Number of (primary and secondary) outcome variables in the included studies varied from one [16, 18, 19, 22, 23, 25, 27, 28, 30, 35,36,37, 44] to five [29]. Eighteen studies clearly defined outcome variable(s) [15,16,17,18,19,20, 22,23,24,25, 27, 31,32,33, 36,37,38,39,40,41, 46]. The others did not provide a clear definition for LOS. The lack of a unique definition for the LOS in ED might have led to different results. Seven studies defined ED LOS as a number of minutes (or hours) between a patient’s arrival/identification to ED and discharge [24, 27, 38,39,40,41, 46]. The primary outcome measure in the reviewed studies was ED LOS (N = 28) [15,16,17,18,19,20, 22, 23, 25,26,27,28, 30,31,32,33, 35,36,37,38,39,40,41,42, 45,46,47,48], triage level (N = 1) [43, 44], ED resource usage (N = 1) [24], hospital admission (N = 1) [29], disposition from ED (N = 1) [21] and ED waiting room time (n = 1) [43, 44]. The twenty-three studies reported on the granularity of ED LOS in minutes [19, 32, 36, 39,40,41, 43, 44, 46, 47] or hours [18, 20, 22, 23, 25,26,27,28, 31, 33, 35, 38, 42, 48]. Some of these studies reported the mean or median of all patient ED stay. The mean of ED LOS ranged from 1 h to 9.2 days [15, 18, 33, 36, 37, 39,40,41,42, 44, 46] and the median of ED LOS ranged from 15 min to 54.6 h [20, 22, 27, 31, 33,34,35, 38, 43, 44, 46, 47]. Two studies did not provide a clear description of the statistical analysis methods [32, 45].

Candidate predictors

Not all studies reported on the predictor selection strategy. Table 2 shows the number and type of predictors in each model. Predictor variables were mostly measured at admission time or within the first 24 h of admission. Predictors selected for inclusion in modeling may have a large but spurious association with the outcome, which leads to predictor selection bias.

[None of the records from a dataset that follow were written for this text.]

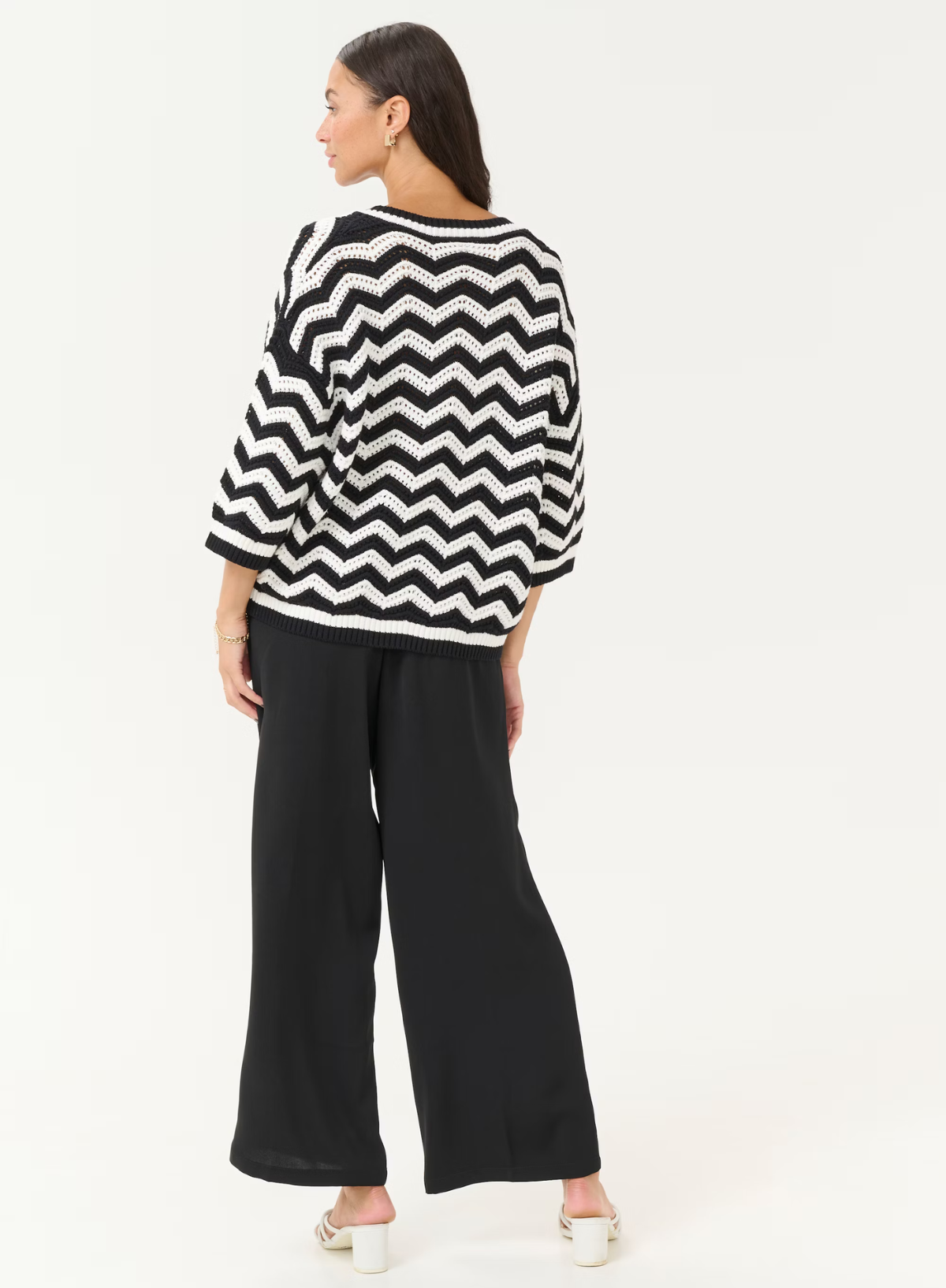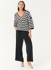 Upgrade your wardrobe with this stylish and versatile black and white v-neck knit top. Made with high-quality materials, this top is designed to provide both comfort and fashion, making it perfect for any occasion. Whether you dress it up or down, this oversized top will surely elevate any outfit.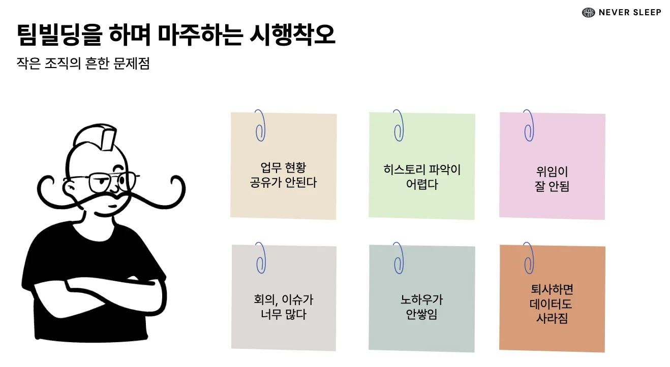 5명 이하의 팀에서는 구두로 정보를 공유해도 문제가 되지 않아요. 하지만 팀원이 10명, 15명으로 늘어나면 말로만 소통하는 것이 불가능해져요.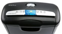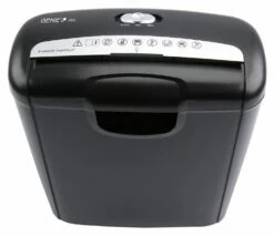 Der Genie 240S Aktenvernichter ist ein zuverlässiger Strip Cut (Streifenschnitt) Reißwolf in einem attraktiven schwarz-silbernen Design. Er ist in der Lage bis zu 6 Blatt DIN A4 (80g/m²) oder 1 Kreditkarte (zerstört in 8 Teile) pro Arbeitsgang zu vernichten. Der Aktenvernichter hat ein separates Schneidwerk und einen getrennten Auffangbehälter für CDs/DVDs und Kreditkarten. Die automatische Start-/Stopp-Funktion und der Hauptschalter am Shredder (AUTO/AUS/RÜCKWÄRTS) machen die Bedienung sehr einfach. Der Aktenvernichter ist außerdem mit einer Clear-Funktion zur Reinigung des Schneidwerks, einem Überhitzungsschutz, niedrigem Energieverbrauch, Direktstromanschluss (220 Volt, kein Adapter erforderlich) und einem Geräuschpegel von 72 dB ausgestattet. Die Schnittgröße beträgt ca. 6 mm breite Streifen, was der Sicherheitsstufe P-2 nach DIN 66399 entspricht. Die Einzugsgeschwindigkeit beträgt 2,50 m/min (bei 6 Blatt). Die Eingabeöffnung für Papier ist 220 mm und die Eingabeöffnung für Kreditkarten beträgt 57 mm. Der Aktenvernichter hat eine Größe von 292 x 326 x 142 mm (H x B x T) und ein Gewicht von ca. 1,38 kg. Der Papierkorb hat ein Volumen von ca. 10 Litern.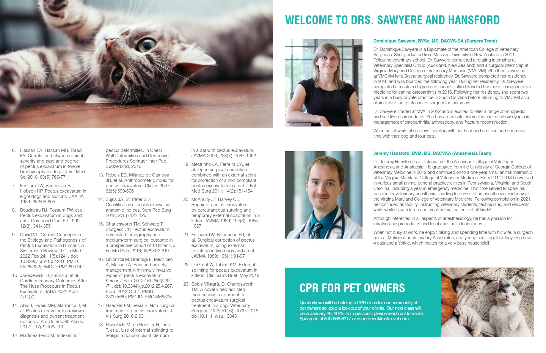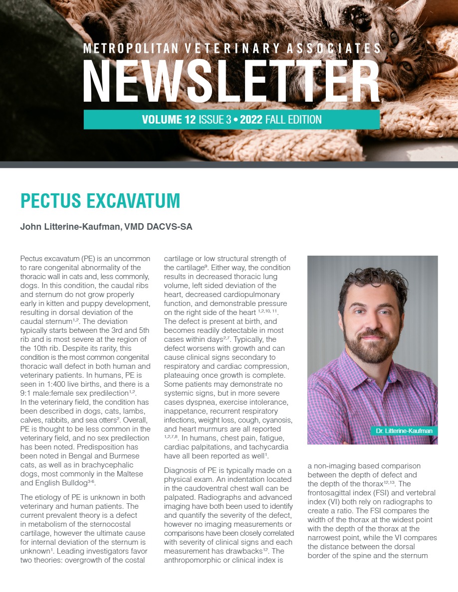 One of our surgery specialists, Dr. John Litterine-Kaufman speaks about pectus excavatum (PE), an uncommon to rare congenital abnormality of the thoracic wall in cats and, less commonly, dogs. We would also like to welcome Drs. Sawyere and Hansford to our team.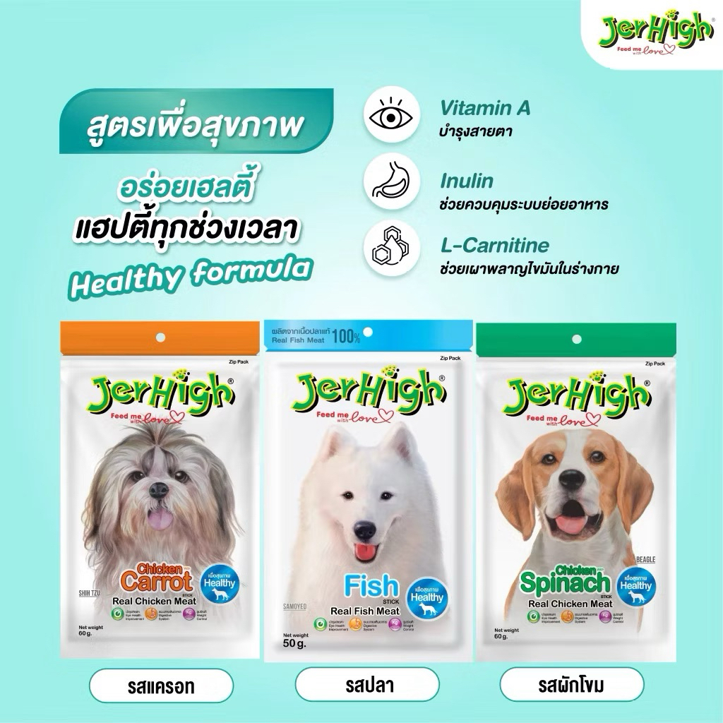 [ยกโหล 12 ชิ้น] JerHigh Stick เจอร์ไฮ สติ๊ก ขนมสุนัข ขนาด 60 กรัม โปรตีนสูง ผลิตจากเนื้อไก่แท้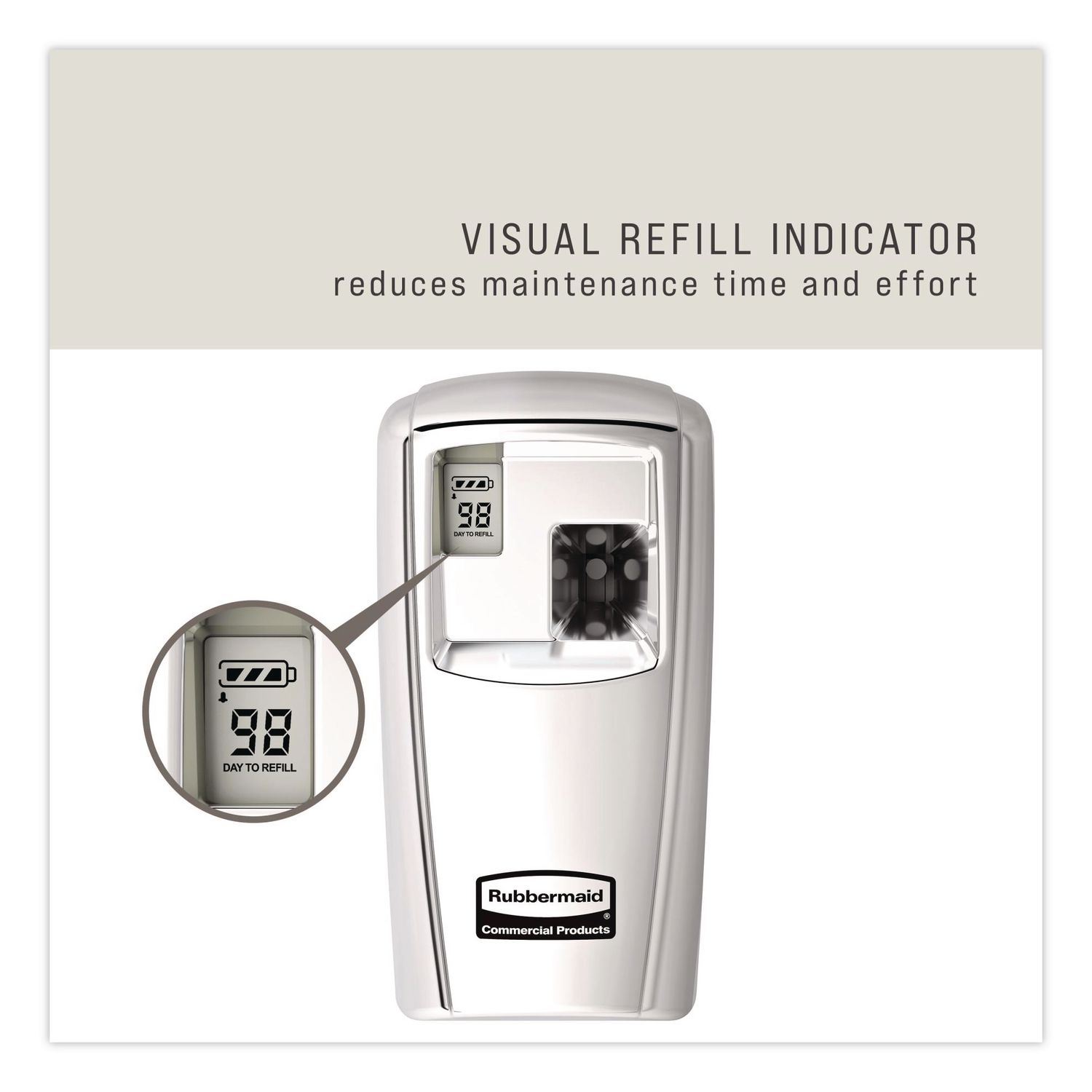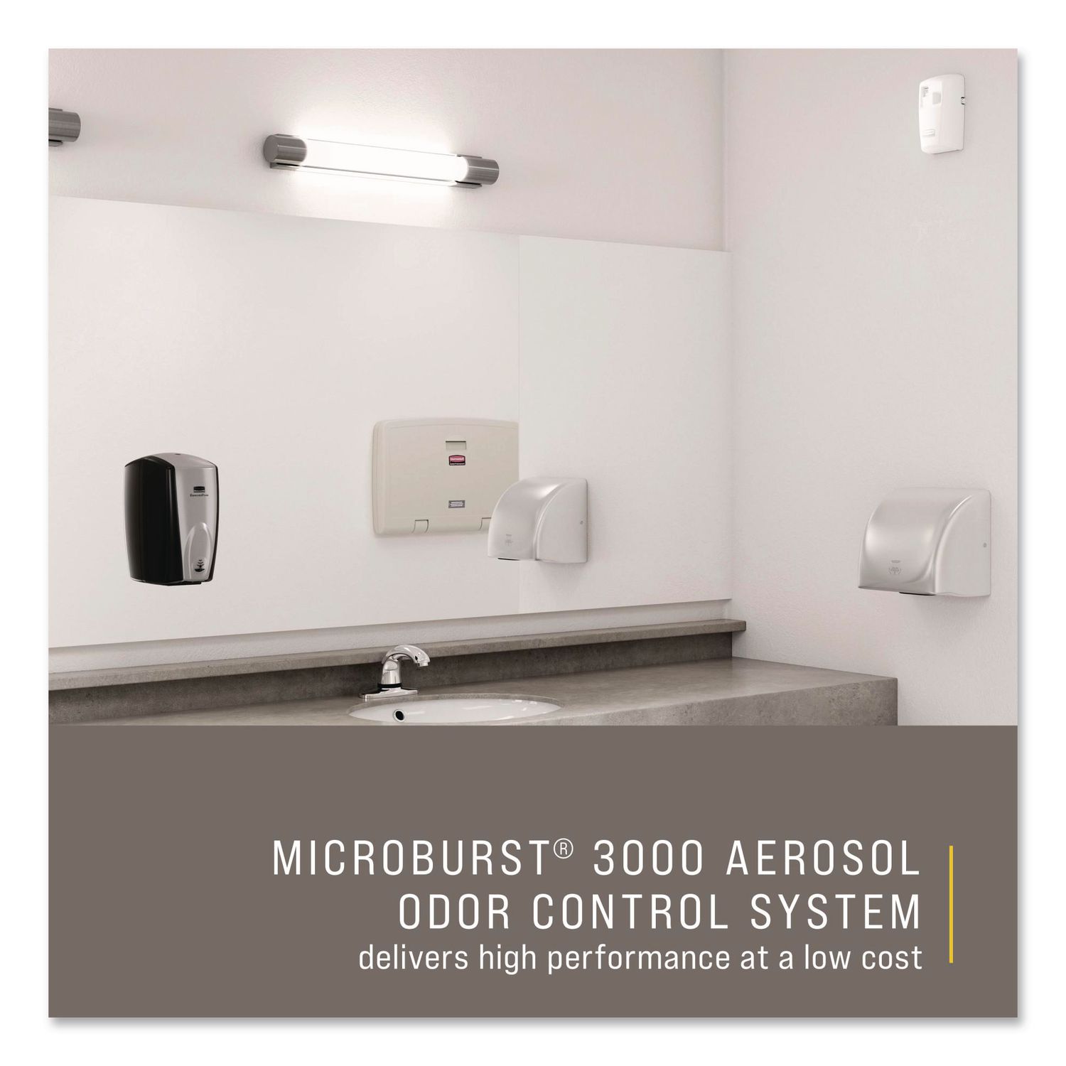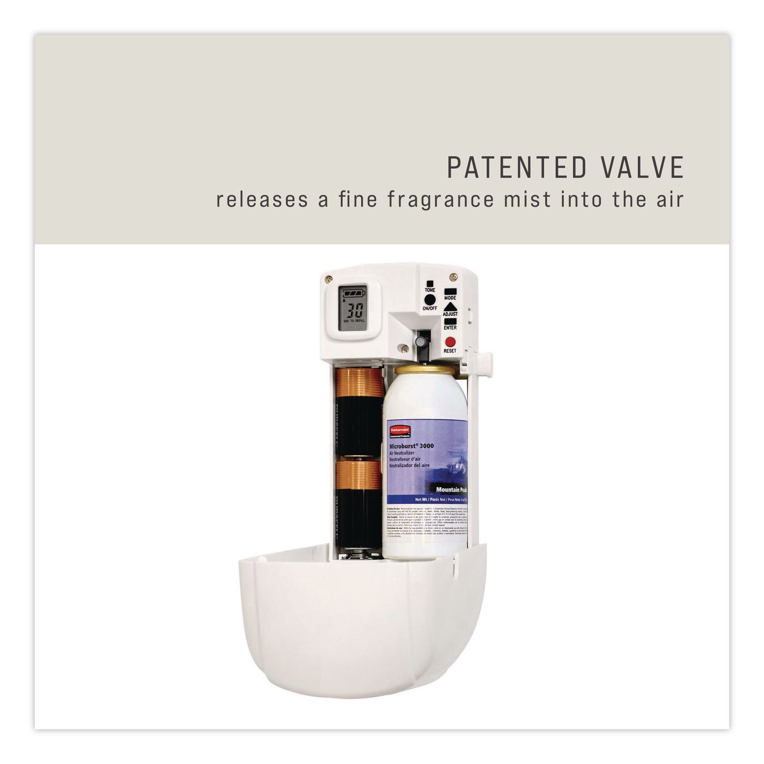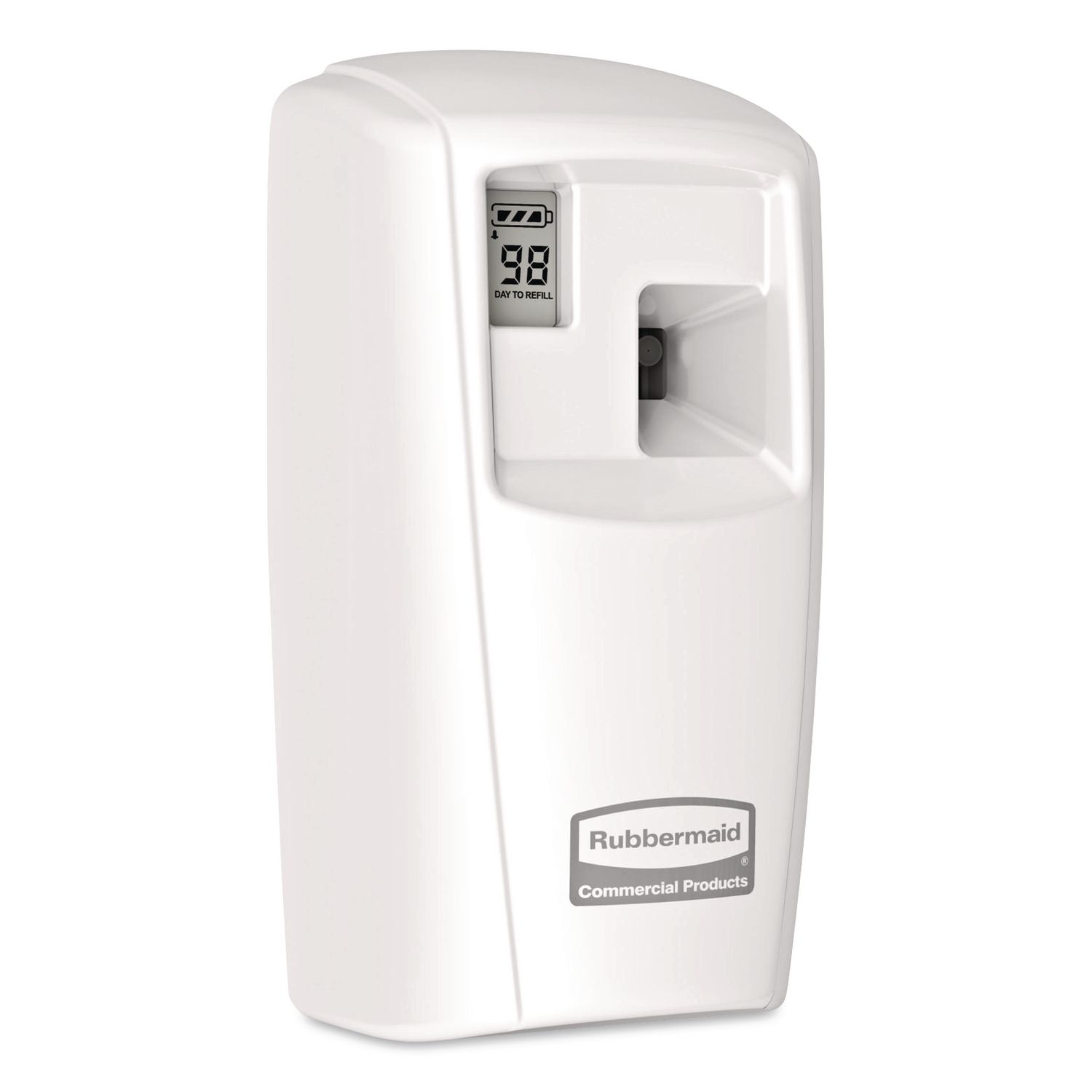 Rubbermaid Commercial Products Microburst delivers air freshener with Microtrans Odor Neutralizer to eliminate odors. Pharmaceutical-grade steel valve distributes a diverse selection of high quality fragrances in a fine mist to terminate washroom odors. Ready-to-use out of the box, it features smart chip technology for maximum odor control from 30 to 168 days with flexible programming options. With a “Days to Refill” indicator to remind staff when needed refills are approaching. Microburst® 3000 LCD. Material(s): Plastic; Color(s): White; Height: 6.6″; Width: 3.25″.

Including such predictors increases the likelihood of over-fitting and thus over-optimistic predictions of a model’s performance for other individuals [49]. The number of continuous predictors was 0 [24, 36, 39, 41, 45, 47, 48] or 1 (age) [17, 21, 28, 35, 38, 40, 42,43,44, 46] or 2 [15, 20, 30] or 3 [26, 31] or 4 [33, 34] or 7 [29] or 8 [25] or 9 [19] or ten [27] or eleven [37] or eighteen [23]. The number of categories of all categorical predictors ranged from 0 to 19. Two studies used cut points to categorize continuous variables [20, 39]. Only one study used logarithmic transformation to transform the skewed continuous variables to approximately conform to normality [41].

As shown in Table 2, age, gender, acuity level, mode of arrival, patient disposition, and insurance type are important predictors for ED LOS that were used in most studies.

Sample size

The number of registered patients ranged from 100 [42] to over 4 million [16, 43] and the number of patients selected for model development or validation was between 42 [42] and 4,645,483 [16] patients.

Missing data

Most studies did not describe the completeness of data and/or handling of missing data. Some studies excluded all missing data for development and validation models. Ignoring the missing data can introduce bias. It is especially poor when the percentage of missing values per attribute varies considerably [23]. Differences between studies in the amount, type of missing data, and the methods used to handle this missing data may markedly influence model development and predictive performance. Only eight studies reported on the percentage of missing values [17, 21, 23, 28, 38, 42, 43, 47] and two studies described the handling of missing data [19, 22]. Specifically, these studies excluded all missing data for development and validation models.

Model development

Twenty-nine studies developed one or more new models for predicting emergency department LOS [24,25,26,27,28,29,30,31,32,33, 35, 38, 39, 42, 43, 45, 48]. Models were developed using Logistic Regression [15, 18, 20, 21, 23,24,25,26, 29, 31, 35, 38, 39, 45, 48], Artificial Neural Network (ANN) [15, 16, 22, 37, 45], convolutional neural networks (CNN) [15], generative adversarial network (GAN) [19], accelerated failure time (AFT) [34], time series [48], Gradient Boosting Machine (GBM) [32], Coxian phase-type distribution model [33], Decision tree algorithm [28], linear regression [21, 30, 36, 43], Poisson regression [27, 36], and various machine learning methods (Random Forest (RF), Support Vector Machines (SVM), Gradient Boosting (GB), AdaBoost, K-Nearest Neighbours (KNN), CatBoost, XGBoost, Decision Tree, Naïve Bayes) [15, 17, 18, 22, 23]. Note that these papers have used some of these machine learning models. It should be noted that only one study used the quantile regression analysis since the distribution of the response variable (ED service completion) was highly skewed, with long right tails [43].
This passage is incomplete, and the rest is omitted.